The historical evolution of Kalimba

- Jun 26, 2020-

In Africa, Kalimba has a very long history, which can be traced back to 3,000 years ago, but the metal keys of Kalimbaare only about 1300 years old.


Kalimba was first recorded in history

First, let's understand some terms: there are more than 100 different types of traditional African thumb pianos, as well as mbira, kalimba, Sansa, and kalimba. In 1954, Hugh Tracey chose one of these names, Kalimba, as the name of the instrument he was about to sell around the world. In 1961, he also wrote a paper, "Case about the name of Mbira", which proposed that we use mbira as a general term for traditional African thumb pianos. Today, outside Africa, the name kalimba is also used as a general term for all non-traditional thumb pianos.
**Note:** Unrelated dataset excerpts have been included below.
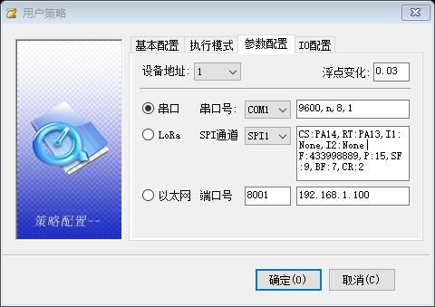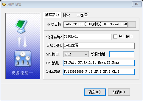 我们可以打开刚刚配置的串口类型“叶帆IO服务”,把串口修改为“LoRa”,配置可以设置为默认,SPI接口根据网关类型进行配置。
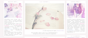 Új diziről? Megértem, miért ezekből a képekből készül el az új kinézet: imádnivaló az összes! A fejléc a maga egyszerűségében megfogott, jó ez így. Viszont a háttér tényleg elég üres... hmm, ötletek, ötletek.. megvan! Oldalra, a fejléc két oldalára, lehetne betenni két sávot, középen meg maradna ez a mostani szín. Tudjátok, egyfajta keretre gondolok! A kódolásban az nem tetszik, hogy az egész beleolvad a háttérbe. Javasolni tudom, hogy a mostani szín mondjuk kettővel sötétebb árnyalata legyen a moduldobozok színe és akkor szerintem jobb lesz. Most eléggé rendezetlenné teszi ez az egybeolvadás a modulokat, így nem valami szép. A chat viszont okés és a formázások is mind jók. Tehát szerintem két dologra lenne szükség: a háttér feljavítására illetve arra, hogy a moduldobozok ne olvadjanak bele a háttérbe. És ha ez megvan, minden rendben! Összhatás van, az összkép kissé összefolyt és üres. Tessék javítani a hibákat és akkor szerintem egy szuper munka lesz! A fejléc mindenesetre nagyon bájos! ;)
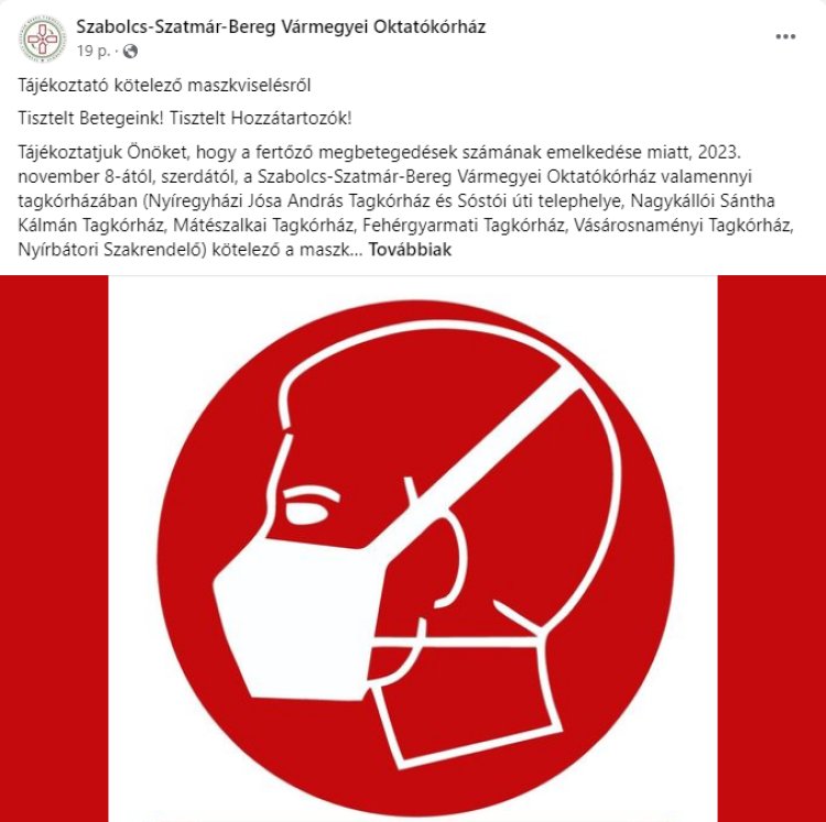 Tájékoztatjuk Önöket, hogy a fertőző megbetegedések számának emelkedése miatt, 2023. november 8-ától, szerdától, a Szabolcs-Szatmár-Bereg Vármegyei Oktatókórház valamennyi tagkórházában (Nyíregyházi Jósa András Tagkórház és Sóstói úti telephelye, Nagykállói Sántha Kálmán Tagkórház, Mátészalkai Tagkórház, Fehérgyarmati Tagkórház, Vásárosnaményi Tagkórház, Nyírbátori Szakrendelő) kötelező a maszkviselés a járó- és fekvőbeteg-ellátást végző részlegeken.
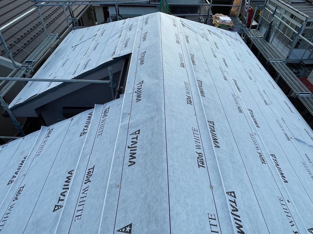 3. 防水シート(ルーフィング)の施工 既存の屋根の上に敷設します。
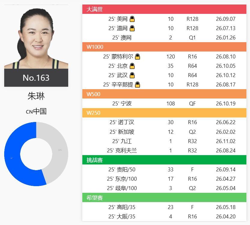 5.朱琳,即时排名163。17胜14负(参加3站挑战赛,2站希望赛),代表成绩宁波8强,蒙特利尔16强。

The first European to record Mbira was the Portuguese explorer and missionary Father Dos Santos in what is now Mozambique in 1586. He recorded the performance of his so-called "ambira" 9-tone thumb piano instrument. The player will play the long fingernail nails, this instrument will produce a "sweet, gentle and harmonious music". Because these instruments are relatively quiet, they are always played in the king's palace.

  

Double Side Keys Kalimba Solid Mahogany Thumb Piano

Solid Mahogany Thumb Piano Mbira Instrument


Ancient origin

Before Father Dos Santos recorded Carimba in 1586, it was already a very old musical instrument. Gerhard Kubik mentioned in his 1988 book "Kalimba, Nsansi, Mbira: Thumbpianoof Africa" that Kalimba was invented twice in Africa: the first Kalimba was born about 3000 years ago and is located in Cameroon today Nearby West Africa was a thumb piano made entirely of plant materials, such as a bamboo thumb piano. Then, about 1,300 years ago, the Zambezi Valley in southeastern Africa ushered in the Iron Age, and some people made a move to make kalimba keys from metal.


In Africa today, keys made of plant materials and louder, longer-lived metal keys are still used to make traditional kalimba. The kalimba of plant material (usually made of bamboo) cannot be stored for a long time, nor can it immediately have a large consumer market, so there are fewer people selling it.


South Africa ushered in the Iron Age more than 1,300 years ago. Africans are very good at smelting and making iron. Gerhard Kubik's hypothesis: after the people in the Zambezi Valley started using iron, they began to make kalimba with metal keys. But when Europeans used African lands as colonies, Africans could not manufacture their own metal, so the kalimba keys were made of nails, bicycle spokes or other scrap metal. Since the birth of Hugh Tracey Kalimba in 1954, most modern Kalimbas have used electroplated spring steel to make the keys.

  

17 Key Kalimab factory


Getting more complex in the Zambezi Valley

In the Zambezi Valley near Zimbabwe, mbira has evolved into a different complex musical instrument with a rich musical tradition and is highly integrated with culture. Although simple musical instruments with 6-10 keys are widely found in sub-Saharan Africa, the Shona people in Zimbabwe today have created mbira dzavadzimu with 21-25 keys, that is, "a great inheritance of ancestral souls" "mbira", this kind of thumb piano plays an important role in their religion, helping people keep in touch with their ancestors.


Spread all over Africa

As mbira spread throughout Africa, different clans or tribes have created their own versions. Over time, each tribe has modified the musical instrument design, such as how many keys are on the instrument, or what kind of board or gourd is used to install mbira. Mbiras are also specially tuned by each tribe to play their unique music. Kalimba/mbira is a truly flexible instrument.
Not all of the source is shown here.